正直言うと個人的には国交正常化なんかしなくても良い。旅行なら他に行きたい所があるし、冷麺とか焼酎は日本製でも文句はない。美女軍団と合コンが出来るなら話は別だが、共通の友人も共通の言語もないので無理な相談だろう。むしろ今の独裁政権のまま国交をもったって日本にとっては治安が悪くなるだけのような気がする。しかし、拉致された人や日本人妻の帰国を望み、求める人がいる限り、国交正常化交渉は今やらなければいけない。90年代前半の正常化交渉では、日本が行方不明者(現在の拉致被害者)の消息調査の依頼をしたところ北朝鮮は交渉の場から立ち去った。
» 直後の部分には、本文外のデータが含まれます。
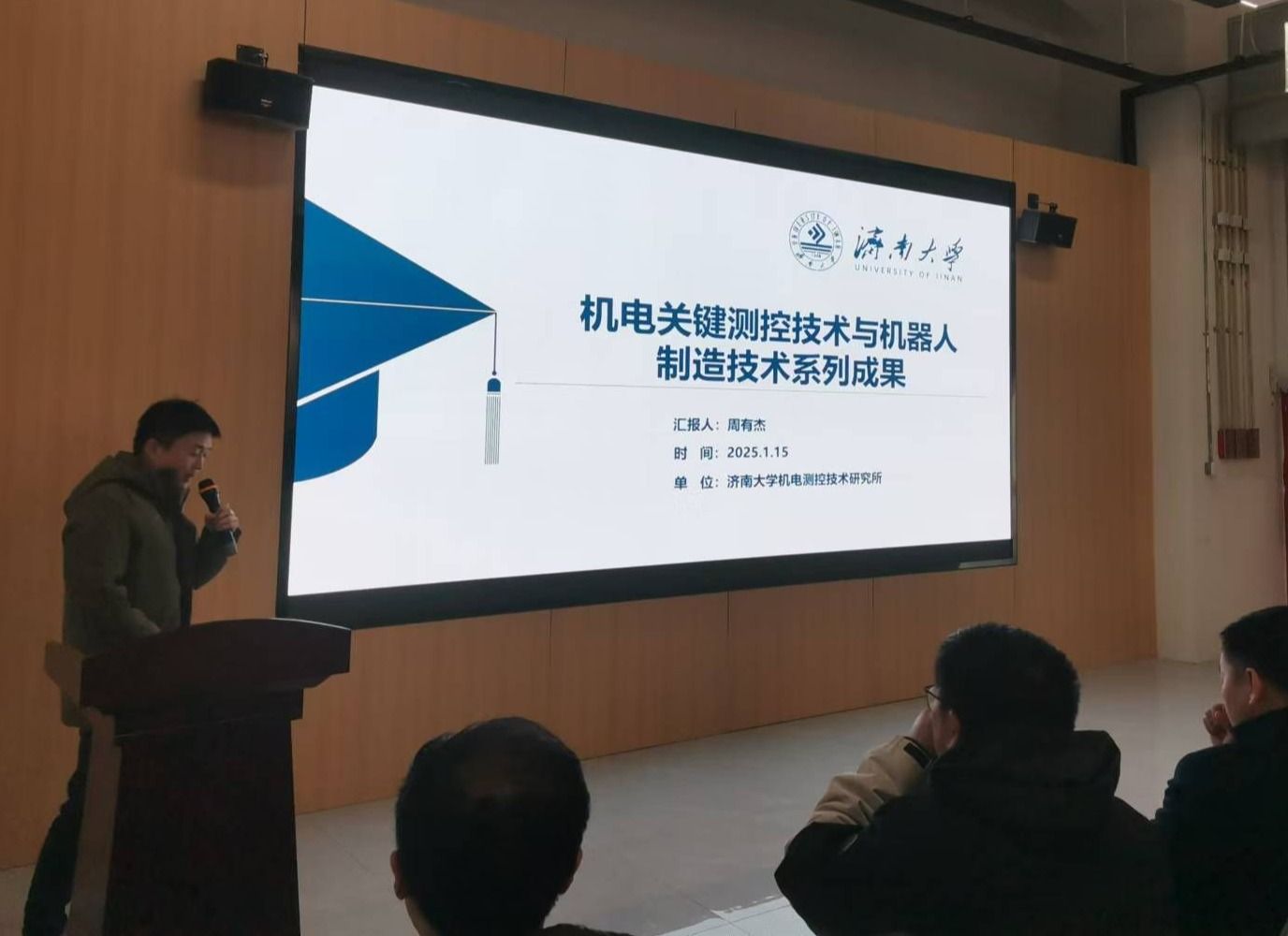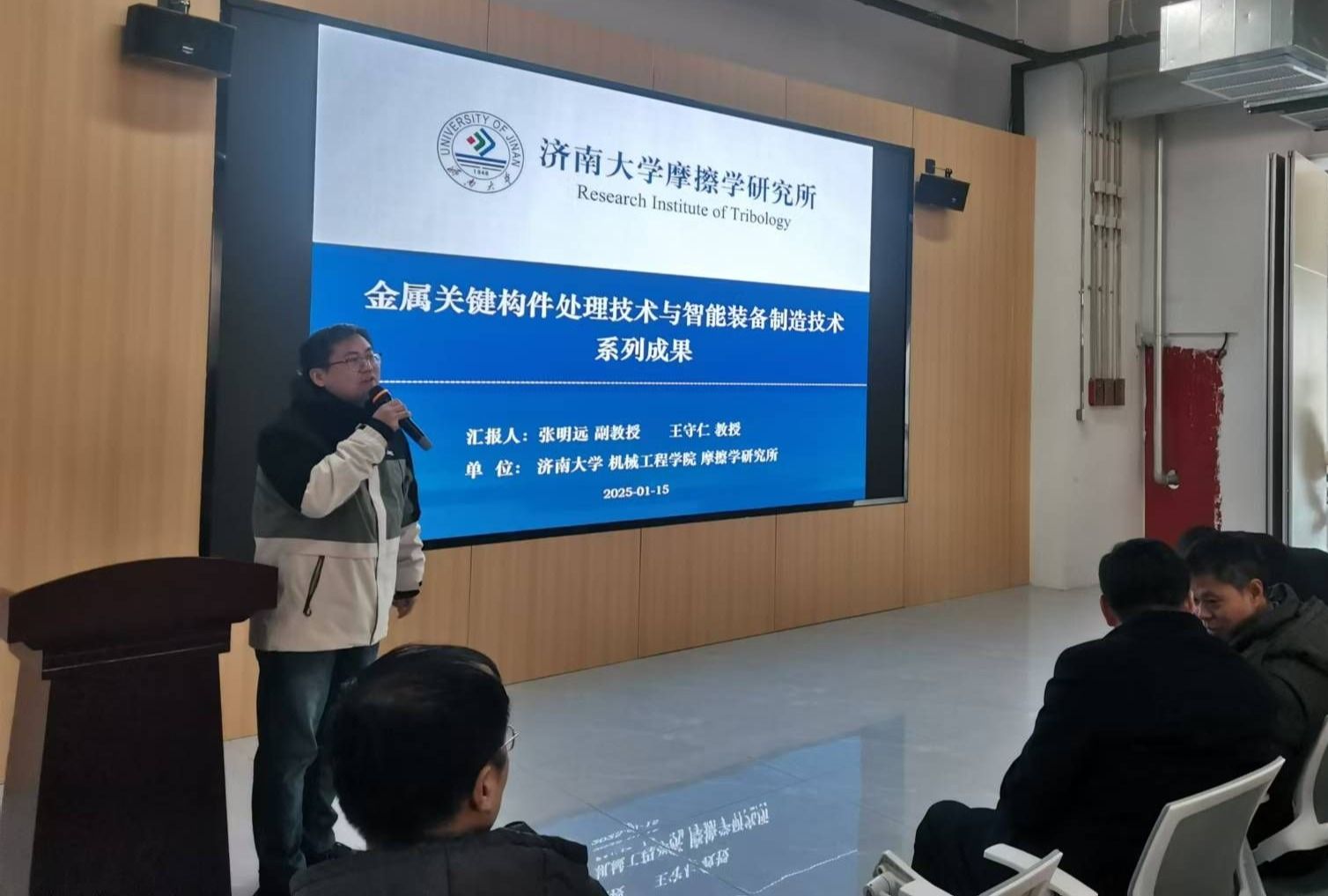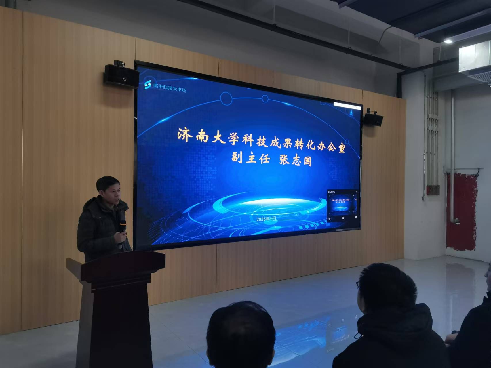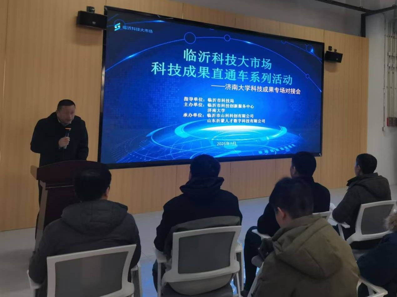 2025年1月15日,beat365官网参加了临沂科技大市场成果对接直通车系列活动——beat365中文官方网站科技成果专场对接会。市科技创新服务中心主任殷洪涛,beat365中文官方网站科技成果转化办公室副主任张志国,beat365中文官方网站副院长张辉,山东沂蒙人才数字科技有限公司董事长田明宝、临沂市山科科创有限公司总经理邵青峰出席,县区科技局有关同志,市内机械加工、智能制造等领域重点企业代表、技术经纪人等共70余人参加。

もし当時の政府が行方不明者を他人事としてしか考えていなかったら、交渉が立ち消えてくれてよかったと思っていたかもしれない。北朝鮮の要求には従軍慰安婦への補償があったが、交渉次第では元慰安婦個人に対して何らかの形で100万か200万の金とか謝罪を得られた可能性があったと思う。元慰安婦本人にしてみれば償って欲しかっただろうけど、北朝鮮政府に交渉を進めてくれと主張できるわけもなく、北朝鮮政府は交渉しなかったのだ。それから年月も立ち、気の毒な元慰安婦は何人も寿命を迎え補償の請求が不可能になったことだろう。僕が国交正常化しなくても良いと思っていたって、政府は泥水かぶってでも交渉を進めないと北朝鮮政府と変わらない。「政府ってそんなもんですけど、何か?」と言う人がいるかもしれないが、そりゃあんたには政府は冷たいかもしれないけど、政府は訪朝前に拉致被害者の救出に全力を尽くすって言ってんじゃん。

それでも小泉訪朝の支持率が6〜7割(切込隊長BLOG 〜俺様キングダム:日金首脳会談後、大バッシング発生にも関わらず小泉首相の支持率が上昇している件に ついて)で、拉致被害者を救う会あてに非難が相次いでいるそうだ。その内容というのが、「何の権利があって政府を非難するのか」だって。あるに決まってんじゃん。今時お上を非難できないのは北朝鮮くらいだろ。てめえこそ拉致被害者を救う会を非難する権利あんのかよ。被害者家族のように名前も顔もさらして非難してみろ。おそらく政治家を含めほとんどの日本人の共通認識として、北朝鮮は独裁国家、何をするか分ったものじゃない、危険な国だと口にする。拉致被害者の家族のことを思えば、北朝鮮への憤りも沸いてくる。この共通認識には危険性が芽生えているように思えてしょうがない。多様な意見のあるはずの民主的国家が第3国に対して共通の認識を持っているというのは、おそらく過去にろくなことがない。政府の外交がへたくそなのを憎き北朝鮮の暴挙のせいにするために、我々は誘導されているのではないかと疑いたくもなる。たしかにその国の情報がかなり少ないので、しょうがないけど、国民も政治家も必要以上に疑心暗鬼になっているような気がしてきた。そういった疑心の行き先は赤狩りや魔女狩りなどの密告社会を彷彿させる。そろそろ「とてつもない悪い国」と言う認識から、ちっぽけな嫌な国ぐらいに思ってもいていいんじゃないだろうか。そしたら今回の訪朝支持率も5割くらいに落ちただろう。外交を内政に利用するのは政治家の勝手だが、国民が勘違いしてもらっちゃ困るけど、国民全部のために拉致被害者救出に奔走しているわけではない。拉致被害者家族のために動いているのであって、拉致被害者家族の労力が腰の重い政府を動かしたのだ。